* [Data section]:
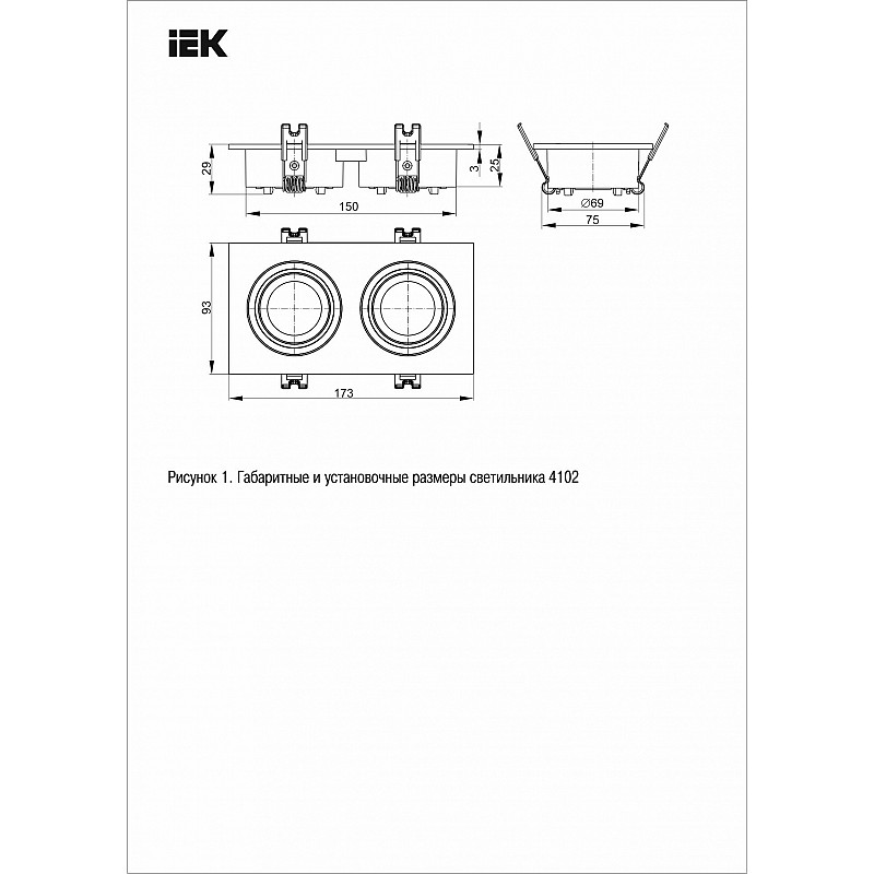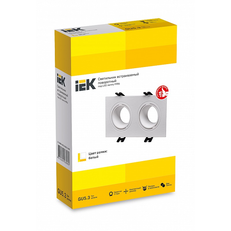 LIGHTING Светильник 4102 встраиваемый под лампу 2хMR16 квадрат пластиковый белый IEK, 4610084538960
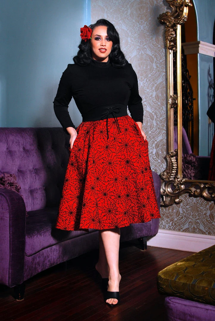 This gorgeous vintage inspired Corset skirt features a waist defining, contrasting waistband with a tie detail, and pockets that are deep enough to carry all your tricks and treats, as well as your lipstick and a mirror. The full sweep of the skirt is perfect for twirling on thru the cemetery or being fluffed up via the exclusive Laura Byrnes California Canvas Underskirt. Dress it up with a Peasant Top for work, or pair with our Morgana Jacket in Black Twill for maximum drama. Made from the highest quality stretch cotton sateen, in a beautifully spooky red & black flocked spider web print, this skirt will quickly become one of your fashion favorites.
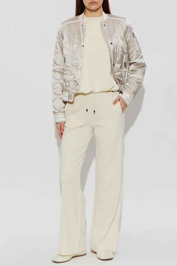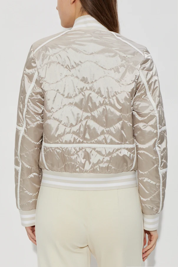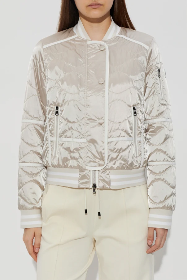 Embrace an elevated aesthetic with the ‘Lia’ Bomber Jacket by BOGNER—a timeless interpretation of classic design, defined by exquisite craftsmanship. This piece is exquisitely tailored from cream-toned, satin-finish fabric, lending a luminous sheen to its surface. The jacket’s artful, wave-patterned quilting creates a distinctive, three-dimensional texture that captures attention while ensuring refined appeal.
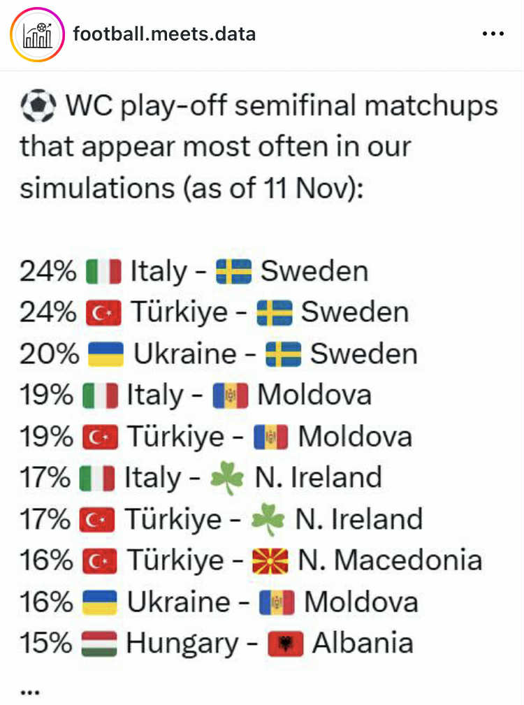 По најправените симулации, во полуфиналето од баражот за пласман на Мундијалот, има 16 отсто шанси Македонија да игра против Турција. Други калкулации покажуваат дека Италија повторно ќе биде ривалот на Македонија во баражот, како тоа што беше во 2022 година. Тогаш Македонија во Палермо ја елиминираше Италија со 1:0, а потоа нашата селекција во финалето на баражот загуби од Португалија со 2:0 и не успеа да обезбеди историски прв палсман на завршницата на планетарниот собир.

* [What you are asked to do]: Exactly as written, return every line of the listing, but not the pictures.

* [The answer]:
 LIGHTING Светильник 4102 встраиваемый под лампу 2хMR16 квадрат пластиковый белый IEK, 4610084538960
 This gorgeous vintage inspired Corset skirt features a waist defining, contrasting waistband with a tie detail, and pockets that are deep enough to carry all your tricks and treats, as well as your lipstick and a mirror. The full sweep of the skirt is perfect for twirling on thru the cemetery or being fluffed up via the exclusive Laura Byrnes California Canvas Underskirt. Dress it up with a Peasant Top for work, or pair with our Morgana Jacket in Black Twill for maximum drama. Made from the highest quality stretch cotton sateen, in a beautifully spooky red & black flocked spider web print, this skirt will quickly become one of your fashion favorites.
 Embrace an elevated aesthetic with the ‘Lia’ Bomber Jacket by BOGNER—a timeless interpretation of classic design, defined by exquisite craftsmanship. This piece is exquisitely tailored from cream-toned, satin-finish fabric, lending a luminous sheen to its surface. The jacket’s artful, wave-patterned quilting creates a distinctive, three-dimensional texture that captures attention while ensuring refined appeal.
 По најправените симулации, во полуфиналето од баражот за пласман на Мундијалот, има 16 отсто шанси Македонија да игра против Турција. Други калкулации покажуваат дека Италија повторно ќе биде ривалот на Македонија во баражот, како тоа што беше во 2022 година. Тогаш Македонија во Палермо ја елиминираше Италија со 1:0, а потоа нашата селекција во финалето на баражот загуби од Португалија со 2:0 и не успеа да обезбеди историски прв палсман на завршницата на планетарниот собир.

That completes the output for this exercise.